Exercise requirements >>
Every line below must be reproduced exactly; no pictures are to be included.

[Information provided Boundary: Start]

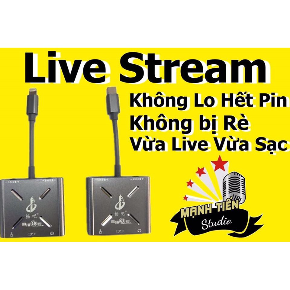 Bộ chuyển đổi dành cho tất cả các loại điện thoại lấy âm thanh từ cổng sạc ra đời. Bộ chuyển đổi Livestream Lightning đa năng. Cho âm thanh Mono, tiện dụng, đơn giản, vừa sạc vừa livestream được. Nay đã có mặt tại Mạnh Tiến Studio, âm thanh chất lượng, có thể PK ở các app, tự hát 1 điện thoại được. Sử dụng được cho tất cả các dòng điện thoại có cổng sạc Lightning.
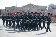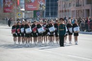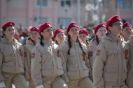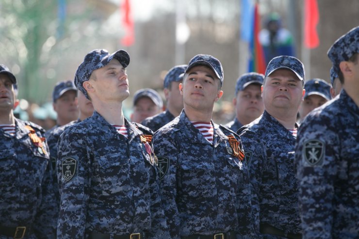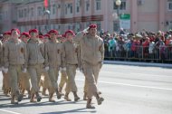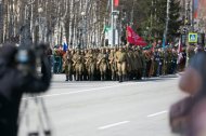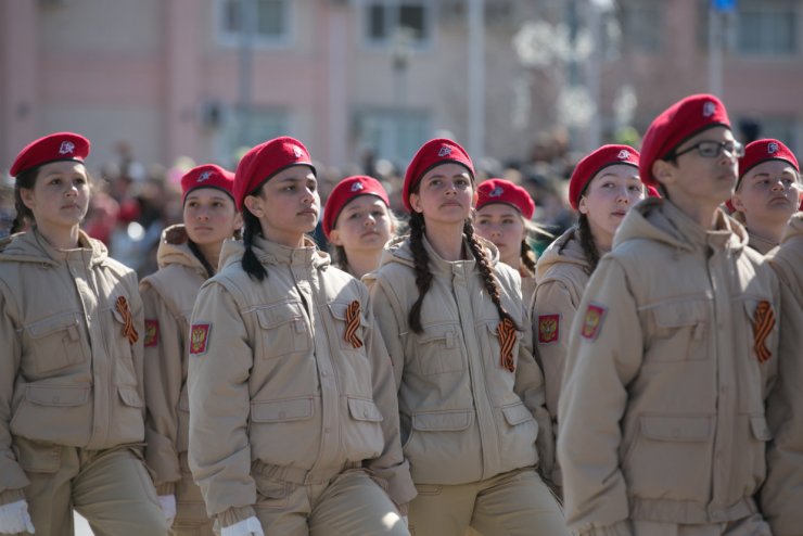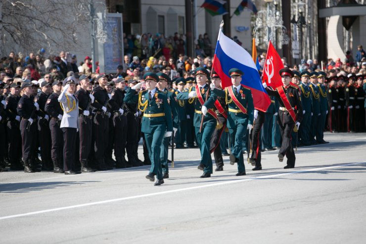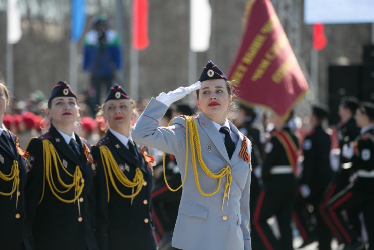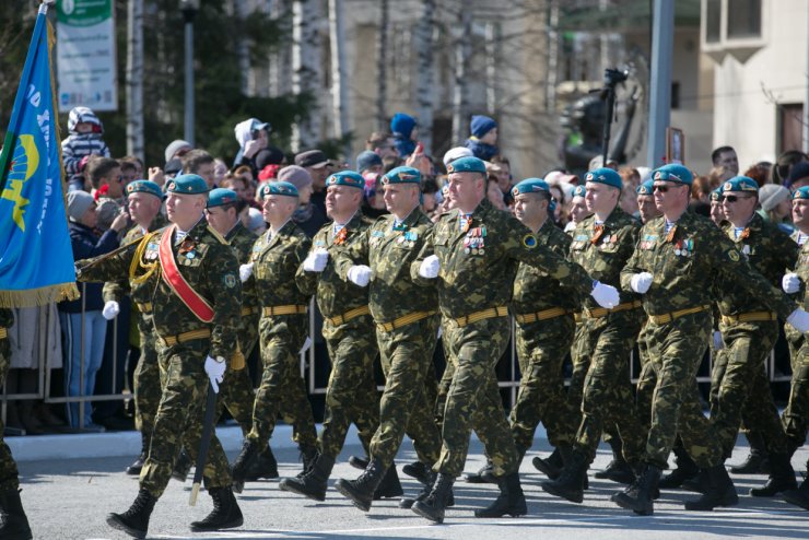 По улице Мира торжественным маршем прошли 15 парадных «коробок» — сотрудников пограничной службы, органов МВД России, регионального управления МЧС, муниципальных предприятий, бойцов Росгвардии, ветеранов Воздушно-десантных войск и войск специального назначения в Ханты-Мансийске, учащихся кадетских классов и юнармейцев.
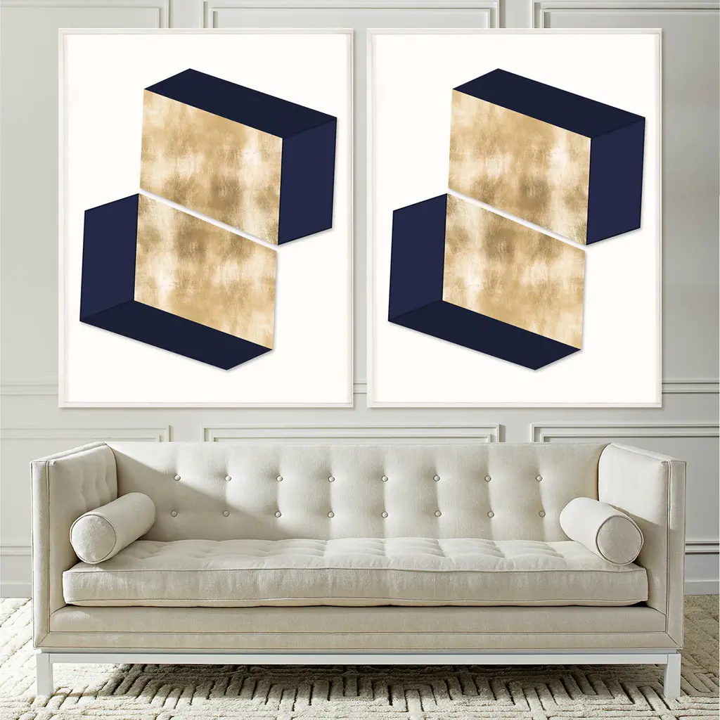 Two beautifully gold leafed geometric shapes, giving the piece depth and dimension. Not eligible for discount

[Information provided Boundary: End]

Task output >>
 Bộ chuyển đổi dành cho tất cả các loại điện thoại lấy âm thanh từ cổng sạc ra đời. Bộ chuyển đổi Livestream Lightning đa năng. Cho âm thanh Mono, tiện dụng, đơn giản, vừa sạc vừa livestream được. Nay đã có mặt tại Mạnh Tiến Studio, âm thanh chất lượng, có thể PK ở các app, tự hát 1 điện thoại được. Sử dụng được cho tất cả các dòng điện thoại có cổng sạc Lightning.
 По улице Мира торжественным маршем прошли 15 парадных «коробок» — сотрудников пограничной службы, органов МВД России, регионального управления МЧС, муниципальных предприятий, бойцов Росгвардии, ветеранов Воздушно-десантных войск и войск специального назначения в Ханты-Мансийске, учащихся кадетских классов и юнармейцев.
 Two beautifully gold leafed geometric shapes, giving the piece depth and dimension. Not eligible for discount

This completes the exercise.